SARS-CoV-2 sequences deleted during the early stages of the Wuhan outbreak provide insight.
July 24, 2021On June 22, Dr. Jesse Bloom of the Fred Hutchinson Cancer Research Center’s evolutionary biology department stated that he had retrieved SARS-CoV-2 sequences from the early stages of the Wuhan outbreak that had been deleted from a National Institutes of Health database.
In a related Twitter thread, he described how he recovered raw sequencing data from 34 early Wuhan SARS-CoV-2 cases, how he used the data in the files to reconstruct partial sequences for 13 of those cases, and what he learned from his research.
He went on to say that the sequences back with previous lines of evidence that SARS-CoV-2 was circulating in Wuhan prior to the outbreak in a seafood market in December 2019. They do not establish the virus’s natural animal origin or an unintentional lab leak, nor do they identify the infection’s first victim.
He concluded that more early sequences are very certainly available, and scientists should focus their efforts on locating and understanding all available data.
“Scientists must keep an eye on the origins and early spread of SARS-CoV-2. “After spending the last four months thoroughly investigating this, I am cautiously optimistic that fresh relevant evidence may emerge,” he tweeted on June 22.

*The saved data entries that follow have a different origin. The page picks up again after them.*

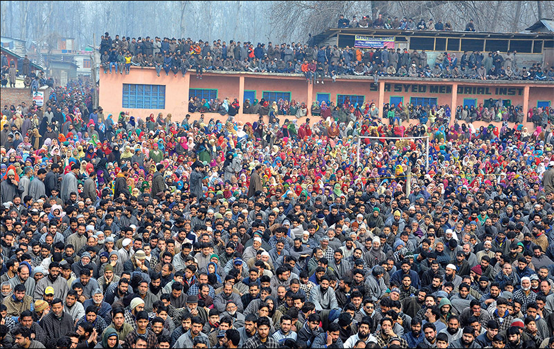 Kashmiri villagers at the funeral prayers of the local militant that gunned down Shujaat Bukhari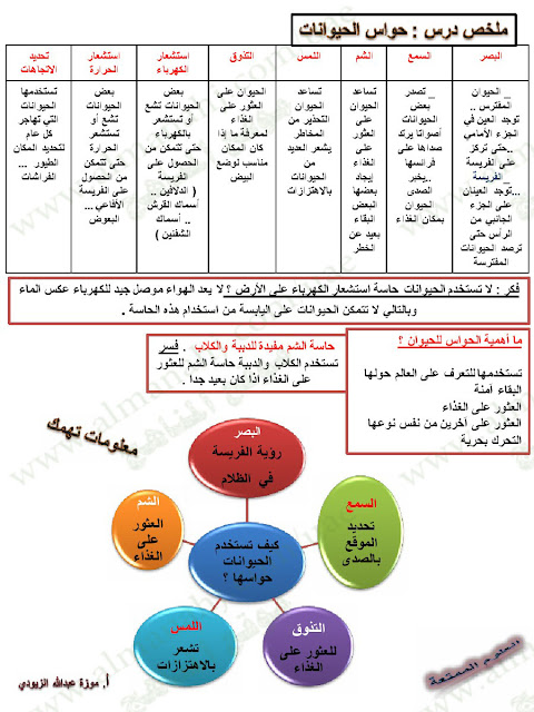 | اضغط هنا لتحميل وعرض ( ملخصات وأوراق عمل الدروس التغير بمرور الزمن وحواس الحيوانات وحواس الحيوانات والنباتات وما يحيط بها ) | |||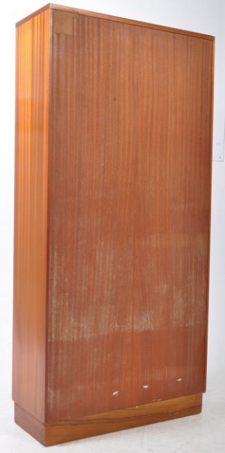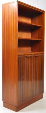 Morris of Glasgow - A vintage mid 20th century bookcase display cabinet. The cabinet raised on a plinth base, featuring twin door cupboard to lower. Having bookcase shelves to upper. Measures approx: 145x69x38cm

“We should thus avoid dogmatic discussions over the development and early spread of SARS-CoV-2 and instead focus on two problems,” he said. (1) How can we receive further information? (2) How might we improve our analysis of the data we have now?”
Bloom’s discovery drew media attention and sparked controversy among scientists and government officials. In response to scientific criticism, he submitted a revised preprint on June 29. At this moment, the preprint has not been peer-reviewed.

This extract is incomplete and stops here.